Police Officer Suffers Permanent Injury from Taser Dart

Law Enforcement Expert WitnessThis case involves a police officer who was severely injured when he was struck in the head by a dart from a taser. At the time of the incident in question, the officer was participating in weapons training with other members of his department. Another member of the police department was using a taser when it accidentally discharged, striking the officer in the back of the head. The officer was rendered unconscious immediately, and was noted to not be breathing for a short period of time. As a result of his injuries the officer now suffers from ongoing headaches and visual disturbances.

Question(s) For Expert Witness

  • 1. Please describe your experience reviewing warning labels, specifically for non-lethal firearms.
  • 2. Will you be able to determine whether or not the warning labels were sufficient for this product?

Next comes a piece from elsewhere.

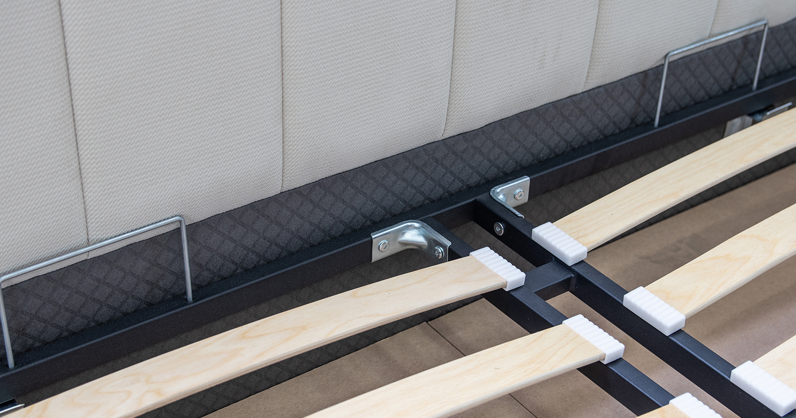 Основание кровати укомплектовано матрасодержателями. Жесткое кроватное дно из МДФ 6 мм. Задняя стенка изголовья выполнена в тех. ткани (спанбонд)

Expert Witness Response E-000942

I have extensive experience designing and evaluating warning labels and manuals. I have reviewed numerous cases involving warning labels and manuals for industrial equipment and consumer products, including medical equipment. I am on several ASTM committees that develop standards for the content of warning labels. I am very familiar with the ANSI standards for labels and warnings. I wrote a chapter in a report for the AAMI on warnings and labels for medical equipment. I can speak to if the labels for the taser meet existing standards, were reasonably placed, and if the labels were tested properly or not. I have significant experience developing and evaluating the testing for labels. A product is determined to be dangerous or not based on hazard evaluation and risk analysis. After the product is deemed dangerous, then the labels can be evaluated on sufficiency to warn. I would be able to review the label and/or manual that accompanies the taser and opine on if they were sufficient enough.

Expert Witness Response E-007536

Expert-ID: E-007536

I have extensive training in warning label research and assessment. I have worked on approximately 100-150 cases to date regarding warning label human factors and provided a detailed assessment for a wide variety of consumer products, including 1 firearm lock assessment case that included firearm testing that I conducted. I also attended the 2016 Human Factors research lecture on a Taser accidental shooting case study. I am familiar with the current version 20 edition of the Taser training warnings and instructions for use. There is no current ASTM standard for taser guns within the F15.73 subcommittee but there is an in-progress standard currently in development. The warning labels for this product have developed significantly over the past few years and the case will depend largely on which edition of the warnings/training documents were in place at the time of the incident. Most cases I have investigated to date on consumer products have focused on whether or not the product is inherently dangerous and whether the product warnings are designed correctly and appropriate for proper use of the product.